Let’s give it up for batting practice while we’re here. It’s an hour before the first pitch. Good a time as any for Shohei Ohtani to casually knock out 10 straight practice dingers.
Ben:
Mermaids. Top half human female, bottom half fishie. But is the top half meat and the bottom half fish? Is there a clear boundary line where it suddenly switches, or is it a mix of fish and meat? You could get surf AND turf from one animal!

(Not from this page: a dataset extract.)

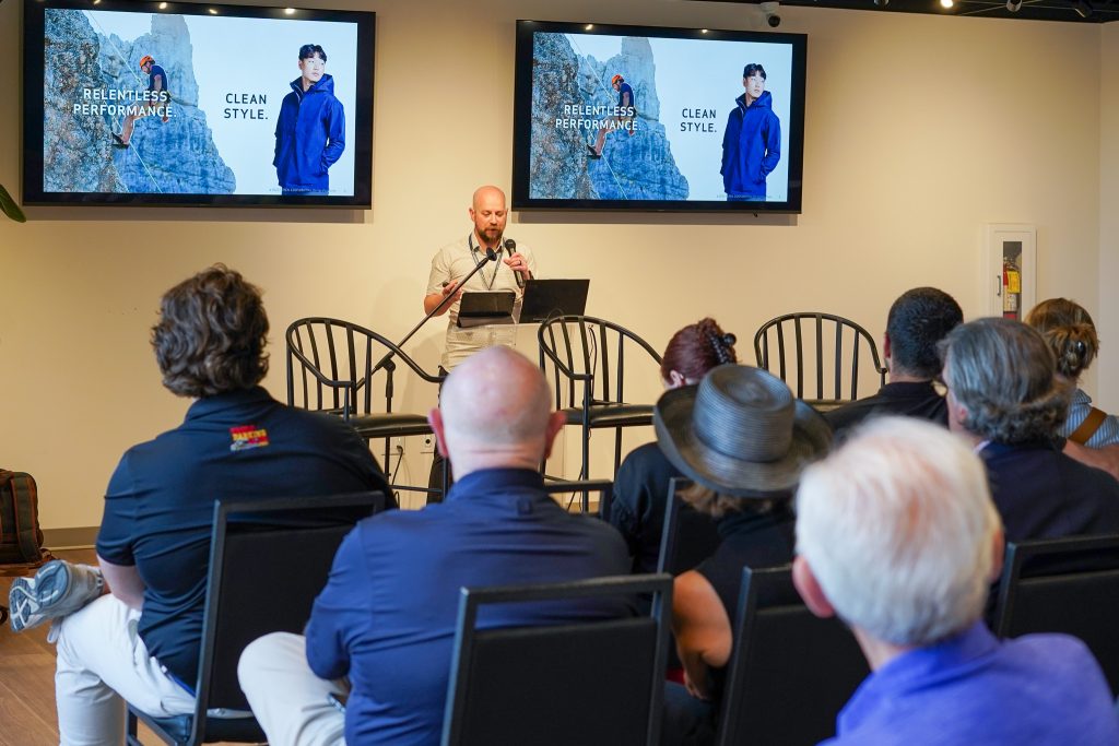 Loizeaux and his team brought some of the best-selling pants, shorts, and fire-proof puffer jackets for attendees to feel and evaluate up close.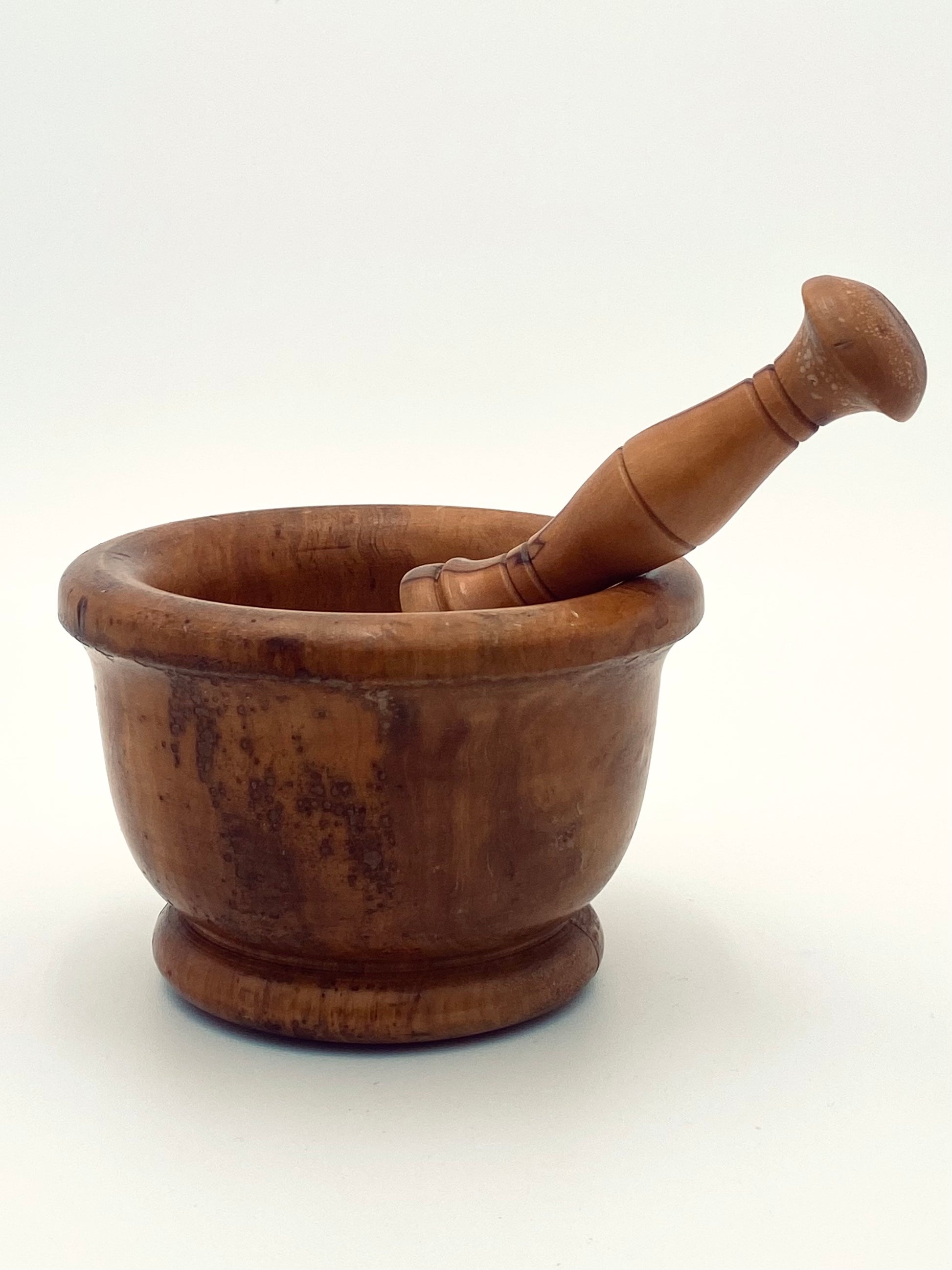 De must-have voor elke kok: een vijzel. Dit oude, massief houten, handgemaakte exemplaar is niet alleen praktisch, maar nog knap ook. De pot is 8,5cm hoog en heeft een doorsnede van 12,5cm. De stamper is 16cm lang.

It’s definitely surf and turf in one. The more pressing question is: are you a cannibal if you only eat the fish part of a mermaid? What about a centaur? If I get a nice cut of horsey tenderloin off Firenze the magical centaur, have I committed an unspeakable crime? I say no. The animal part of any mystical hybrid beast is fair game. Just imagine a big ol’ basket of Pegasus wings delivered to your table. Who’s gonna refuse a treat like that?
Email of the week!
Dave:
I grew up in South Central PA, and my mom's family was from the Lehigh Valley, so trips back home would involve I-81 and I-78. Anyone who has taken that route is quite familiar with what is now a Sam Adams brewery location west of Allentown. In my childhood, it was a Stroh's brewery, with a bigass sign on the top of the massive building, above the three-story high windows displaying the biggest brew tanks you've ever seen.
But I didn't know what the hell it was. It was the early 90s, and my parents weren't drinkers. Beer only existed in TV commercials and the six-pack our family friend would bring to NYE. So one day, after years of riding along in the backseat past the most majestic building I'd ever seen (did I mention I grew up between a corn field and a cattle farm?), I finally plucked up the courage to say, "Hey mom and dad, next time we come out to visit Grammy and Pappy, I want to stay at that hotel!"
I thought my dad was going to crash the van, he was laughing so hard. My mom, my dad, and my much older brother spent the remaining 30 minutes of the drive laughing their asses off. They did at least eventually let me in on the joke. Anywho, if any childhood story could possibly have presaged my future as the family boozehound, it would be that one...
Go Birds, and be well.
Same to you, Dave. I hope you get to visit that not hotel one day.